BEGIN

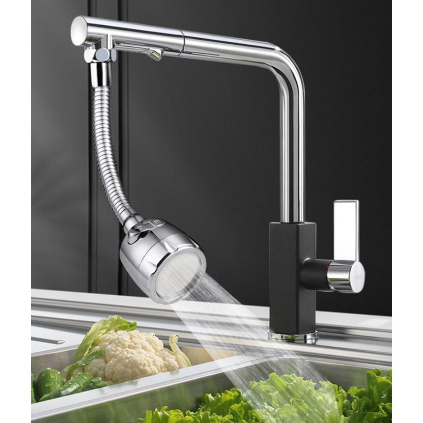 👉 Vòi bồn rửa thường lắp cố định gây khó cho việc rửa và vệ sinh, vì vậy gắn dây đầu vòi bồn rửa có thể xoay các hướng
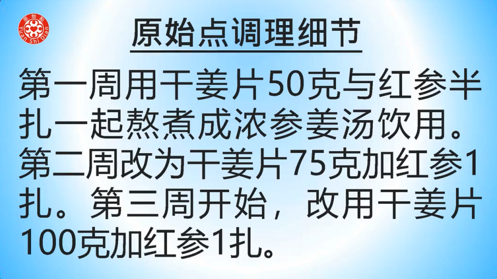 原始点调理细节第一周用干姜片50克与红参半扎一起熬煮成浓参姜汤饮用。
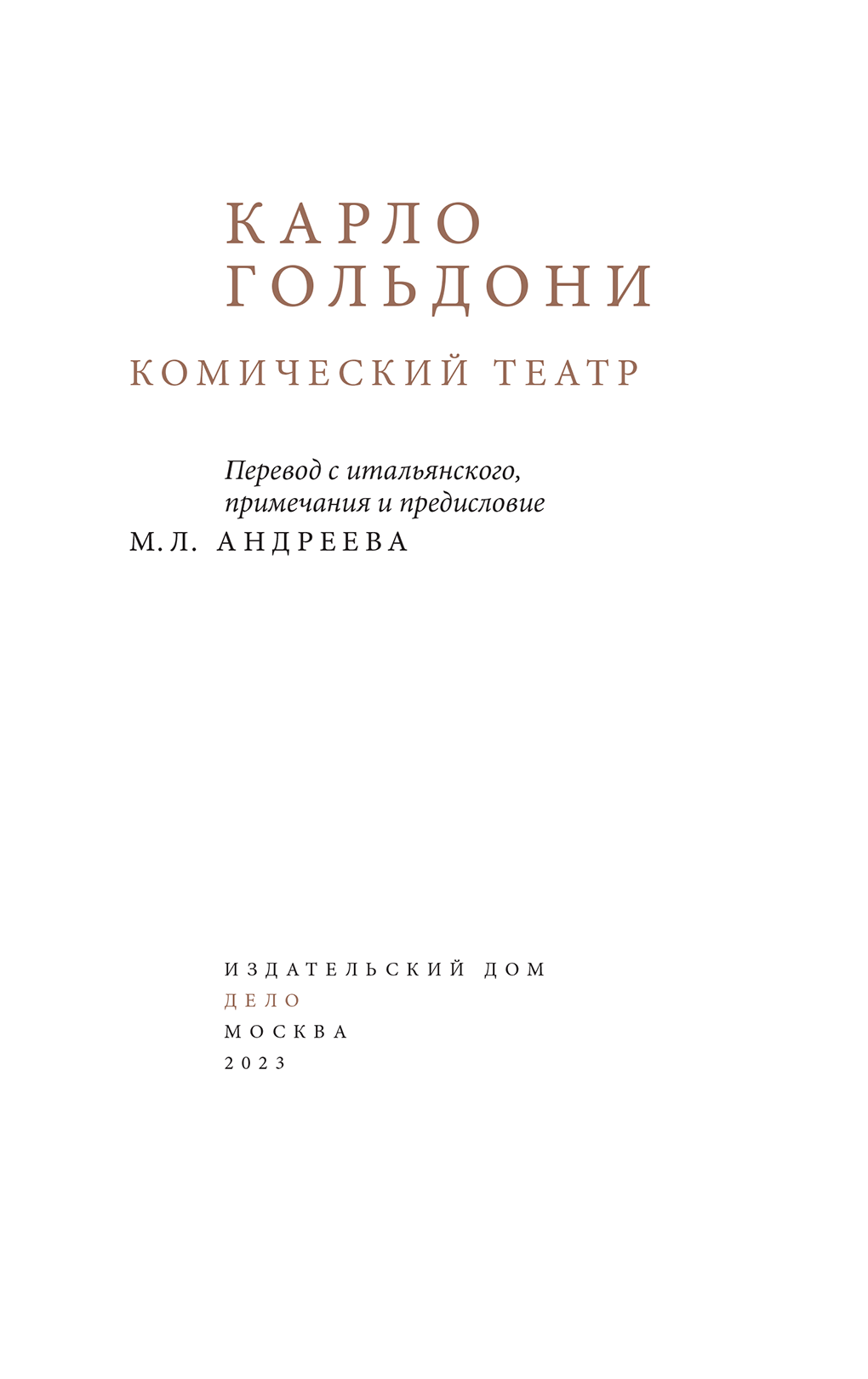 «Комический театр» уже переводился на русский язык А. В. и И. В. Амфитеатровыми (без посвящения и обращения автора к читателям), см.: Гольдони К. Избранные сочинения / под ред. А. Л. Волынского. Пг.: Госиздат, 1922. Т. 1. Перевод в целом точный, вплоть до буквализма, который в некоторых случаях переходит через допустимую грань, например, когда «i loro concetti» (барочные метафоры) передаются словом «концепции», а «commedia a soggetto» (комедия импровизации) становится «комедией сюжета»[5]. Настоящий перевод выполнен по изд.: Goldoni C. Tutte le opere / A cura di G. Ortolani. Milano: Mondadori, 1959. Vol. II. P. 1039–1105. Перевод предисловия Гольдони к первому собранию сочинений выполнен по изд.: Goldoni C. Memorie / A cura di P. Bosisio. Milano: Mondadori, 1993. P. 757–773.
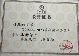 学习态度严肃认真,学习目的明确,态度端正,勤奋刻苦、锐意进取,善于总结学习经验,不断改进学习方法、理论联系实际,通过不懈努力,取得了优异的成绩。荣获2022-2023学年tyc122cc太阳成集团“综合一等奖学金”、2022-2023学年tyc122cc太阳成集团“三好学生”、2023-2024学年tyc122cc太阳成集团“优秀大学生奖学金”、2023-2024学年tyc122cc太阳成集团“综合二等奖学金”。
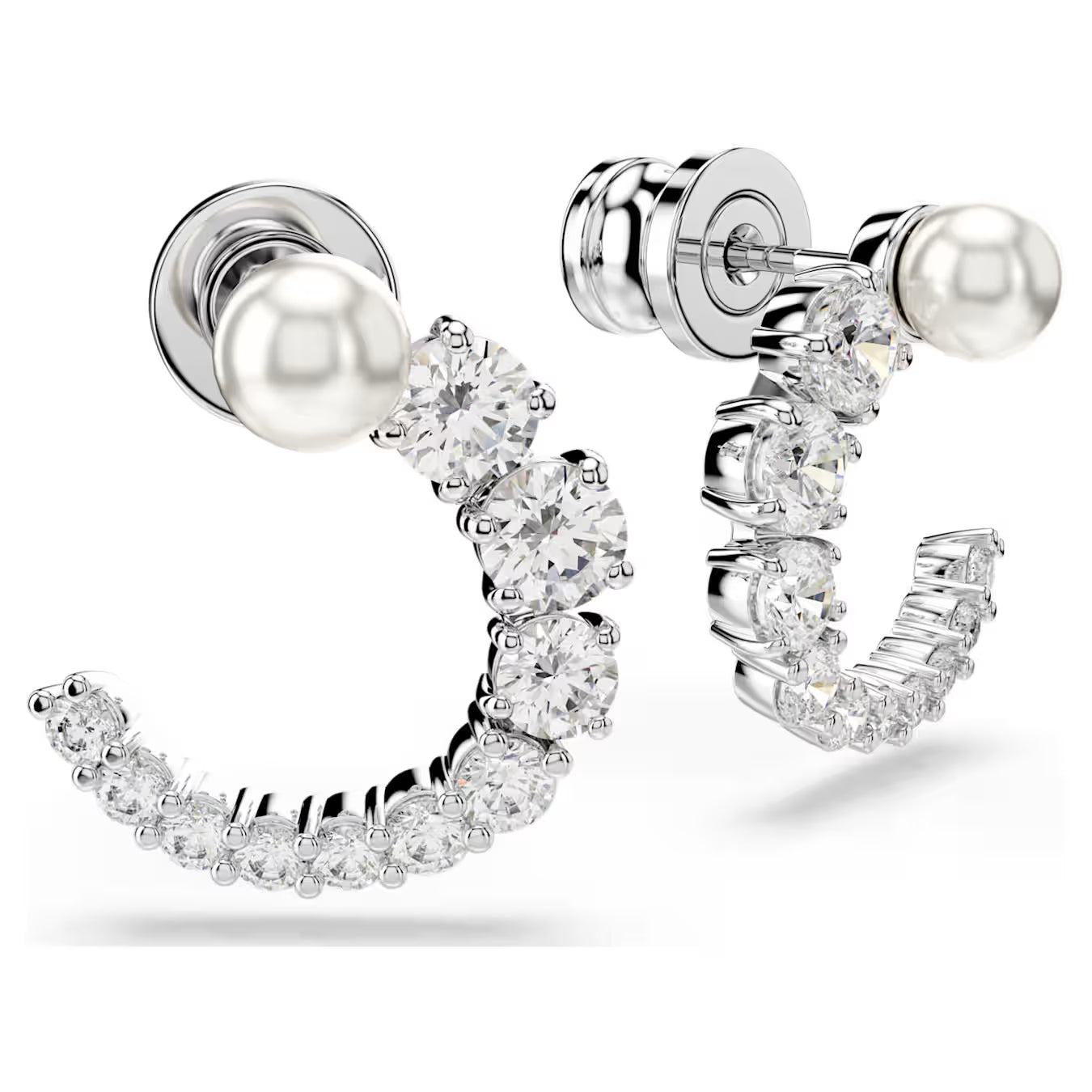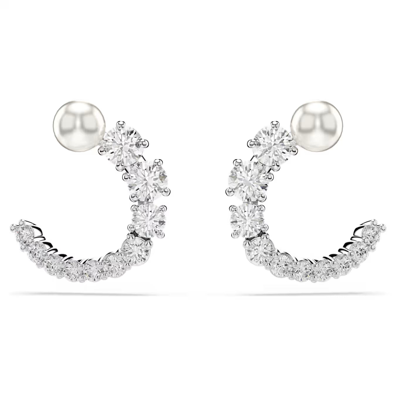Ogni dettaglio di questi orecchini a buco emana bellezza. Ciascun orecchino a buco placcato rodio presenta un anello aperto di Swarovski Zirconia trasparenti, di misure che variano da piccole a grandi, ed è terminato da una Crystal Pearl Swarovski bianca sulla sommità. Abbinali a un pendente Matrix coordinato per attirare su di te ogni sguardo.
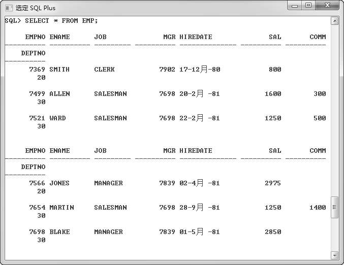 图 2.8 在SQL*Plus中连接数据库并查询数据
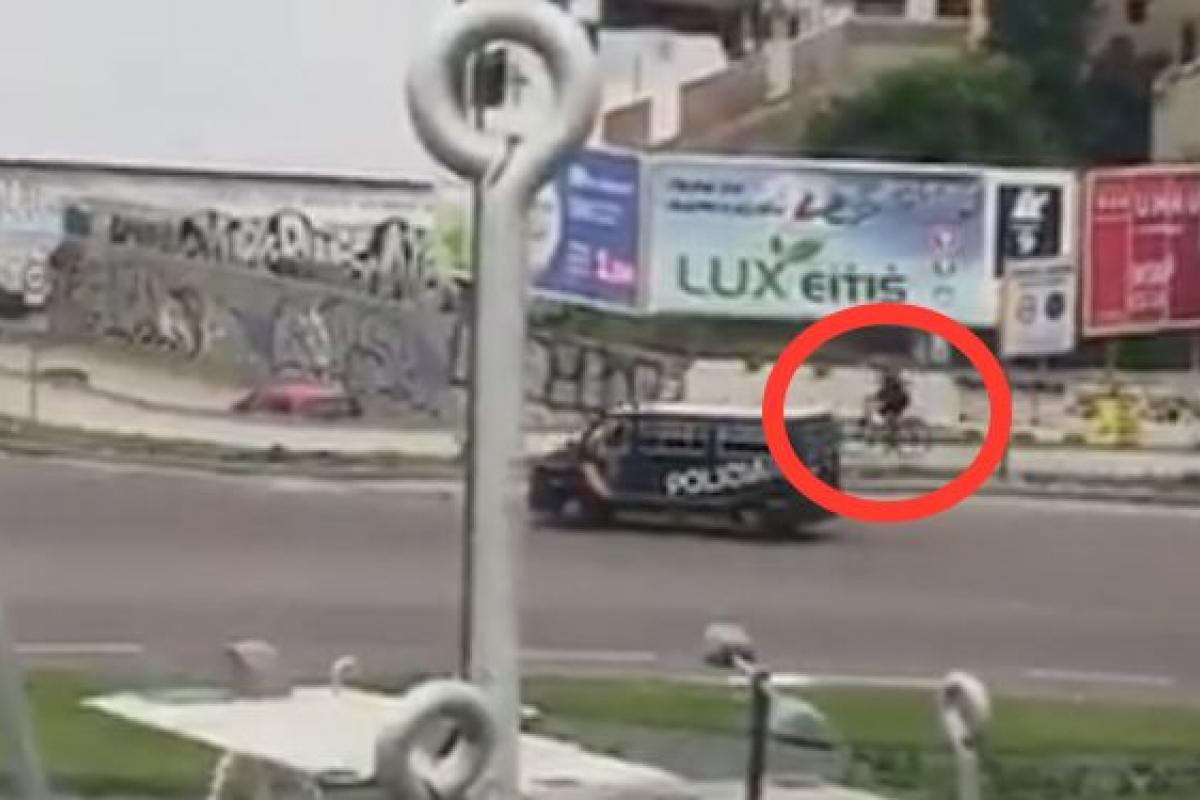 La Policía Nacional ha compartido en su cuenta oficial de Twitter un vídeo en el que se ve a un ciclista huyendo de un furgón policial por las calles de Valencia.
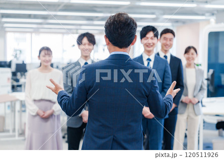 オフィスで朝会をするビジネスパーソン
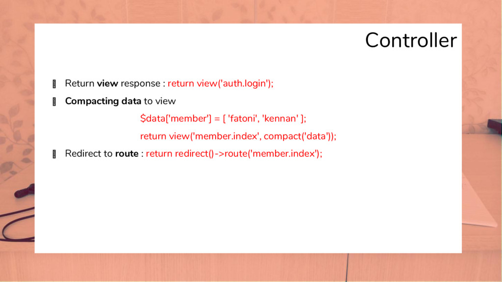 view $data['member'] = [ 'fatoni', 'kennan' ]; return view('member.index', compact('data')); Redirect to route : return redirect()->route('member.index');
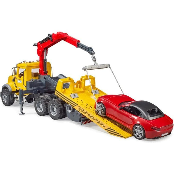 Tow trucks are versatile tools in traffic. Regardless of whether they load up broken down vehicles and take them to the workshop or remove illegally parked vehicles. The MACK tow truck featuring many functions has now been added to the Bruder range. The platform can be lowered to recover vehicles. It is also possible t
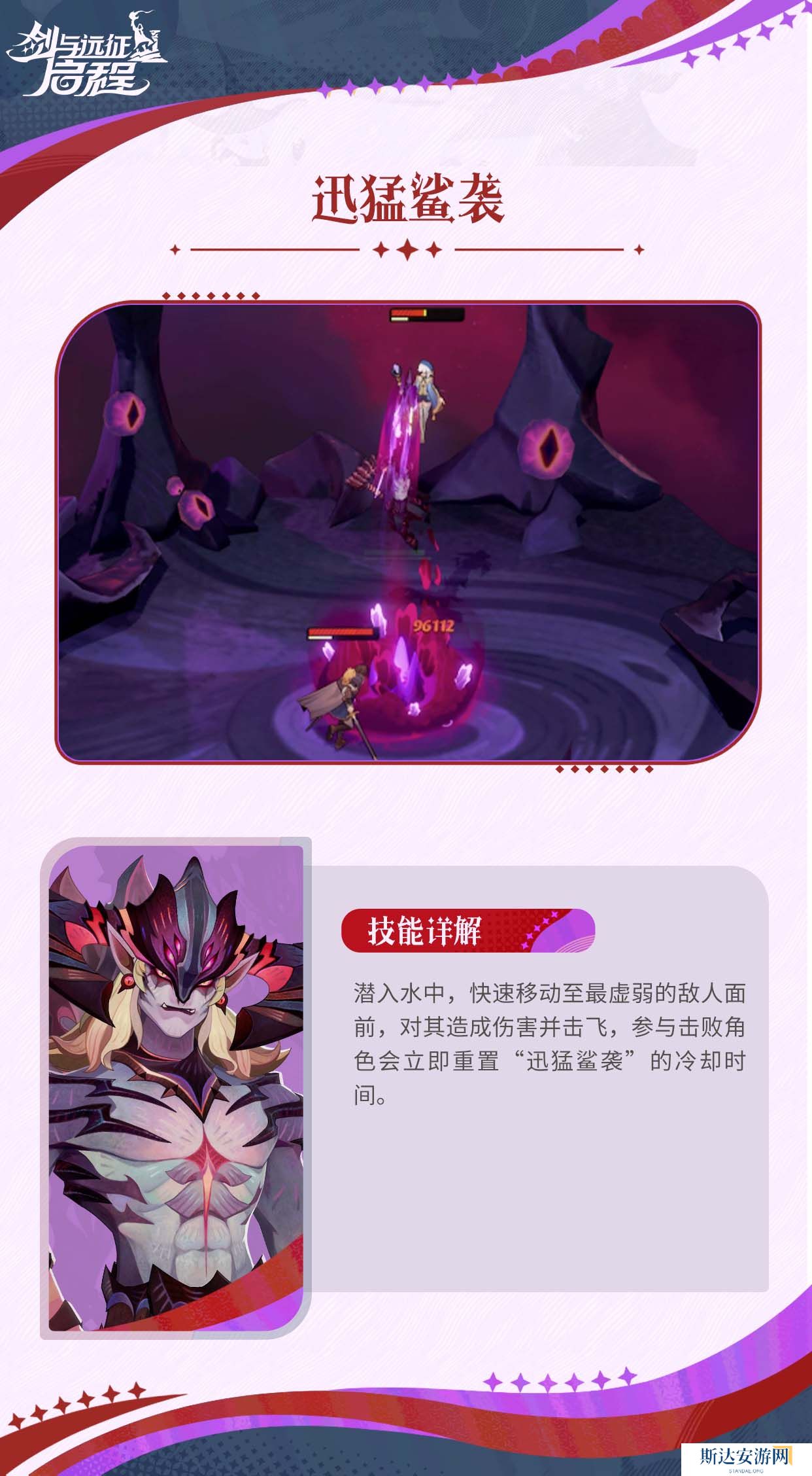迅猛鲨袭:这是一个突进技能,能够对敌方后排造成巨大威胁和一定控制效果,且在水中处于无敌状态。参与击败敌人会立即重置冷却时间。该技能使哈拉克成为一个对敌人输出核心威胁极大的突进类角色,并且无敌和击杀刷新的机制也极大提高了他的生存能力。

END

To do: Range to copy from the records above: the line containing "オフィスで朝会をするビジネスパーソン" to the line containing "Tow trucks are", both included. Output those lines exactly and only those, skipping pictures.

Solution for this exercise:
 オフィスで朝会をするビジネスパーソン
 view $data['member'] = [ 'fatoni', 'kennan' ]; return view('member.index', compact('data')); Redirect to route : return redirect()->route('member.index');
 Tow trucks are versatile tools in traffic. Regardless of whether they load up broken down vehicles and take them to the workshop or remove illegally parked vehicles. The MACK tow truck featuring many functions has now been added to the Bruder range. The platform can be lowered to recover vehicles. It is also possible t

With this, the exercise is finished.